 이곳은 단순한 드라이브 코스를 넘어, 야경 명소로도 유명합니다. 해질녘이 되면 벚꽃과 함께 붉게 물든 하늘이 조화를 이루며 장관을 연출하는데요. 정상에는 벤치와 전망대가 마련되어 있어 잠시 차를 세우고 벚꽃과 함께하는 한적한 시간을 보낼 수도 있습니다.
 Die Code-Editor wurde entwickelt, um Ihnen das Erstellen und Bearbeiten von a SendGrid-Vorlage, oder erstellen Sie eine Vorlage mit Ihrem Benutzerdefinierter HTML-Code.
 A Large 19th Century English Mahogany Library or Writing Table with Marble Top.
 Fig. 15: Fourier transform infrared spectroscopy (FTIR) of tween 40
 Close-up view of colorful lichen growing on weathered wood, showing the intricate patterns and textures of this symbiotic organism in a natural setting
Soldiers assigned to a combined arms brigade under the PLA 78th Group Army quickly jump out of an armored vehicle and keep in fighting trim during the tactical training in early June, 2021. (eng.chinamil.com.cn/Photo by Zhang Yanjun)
= = = =
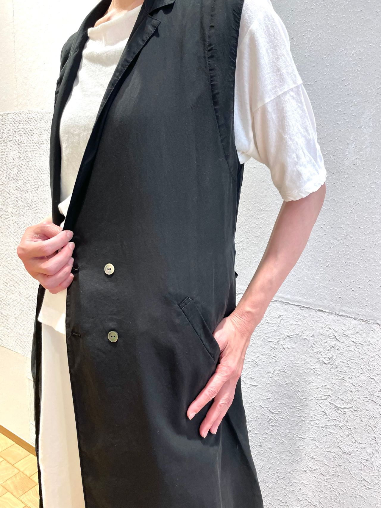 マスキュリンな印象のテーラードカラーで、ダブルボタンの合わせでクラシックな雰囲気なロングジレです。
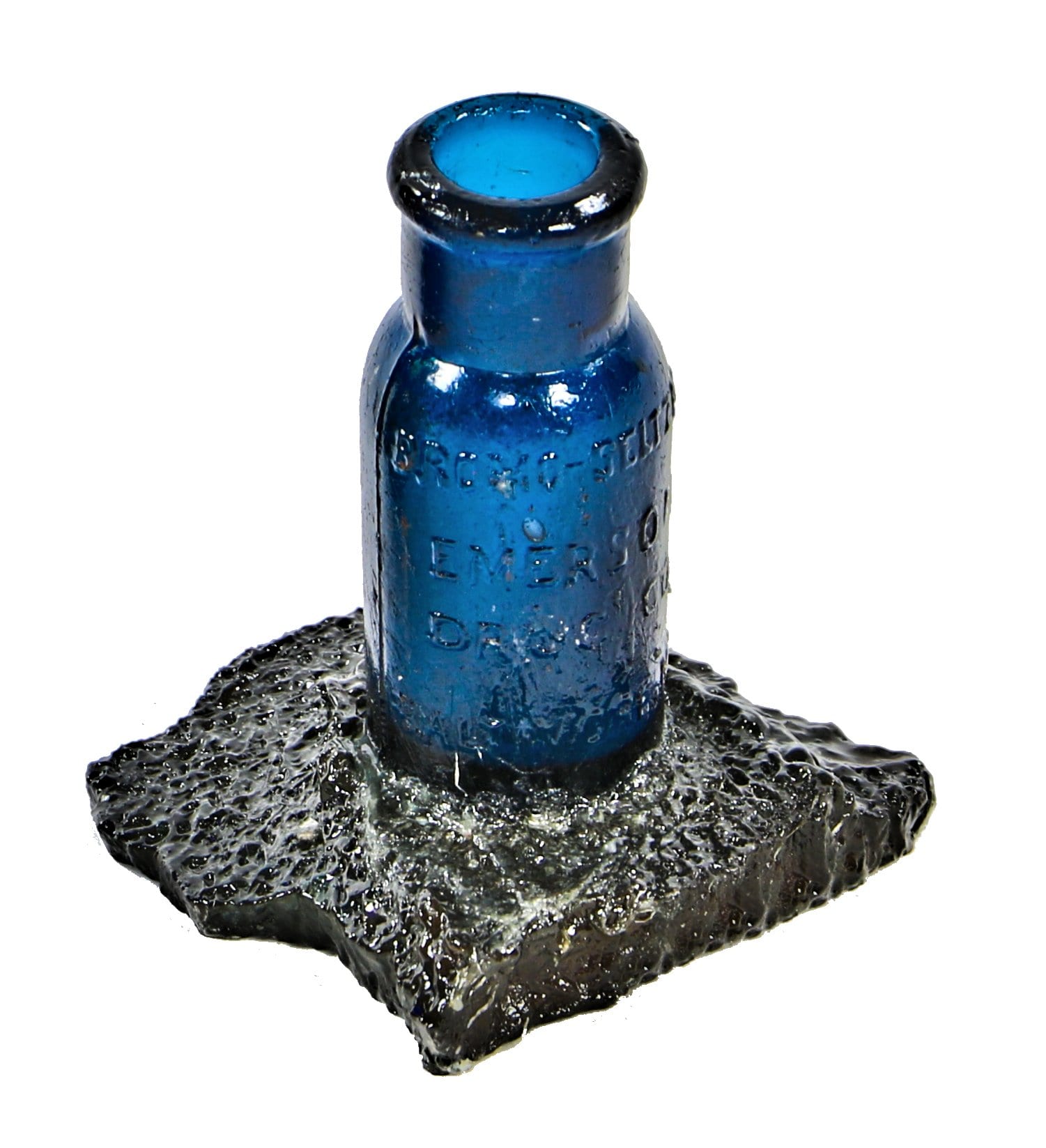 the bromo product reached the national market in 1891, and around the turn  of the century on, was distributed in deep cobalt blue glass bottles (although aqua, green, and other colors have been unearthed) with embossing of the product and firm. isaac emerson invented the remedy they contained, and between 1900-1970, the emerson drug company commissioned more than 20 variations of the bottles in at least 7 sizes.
= = = =
About this exercise: Write out only the lines that run from the line containing "Close-up view of" through the line containing "Soldiers assigned to", both included, exactly as they appear above.

Answer below:
 Close-up view of colorful lichen growing on weathered wood, showing the intricate patterns and textures of this symbiotic organism in a natural setting
Soldiers assigned to a combined arms brigade under the PLA 78th Group Army quickly jump out of an armored vehicle and keep in fighting trim during the tactical training in early June, 2021. (eng.chinamil.com.cn/Photo by Zhang Yanjun)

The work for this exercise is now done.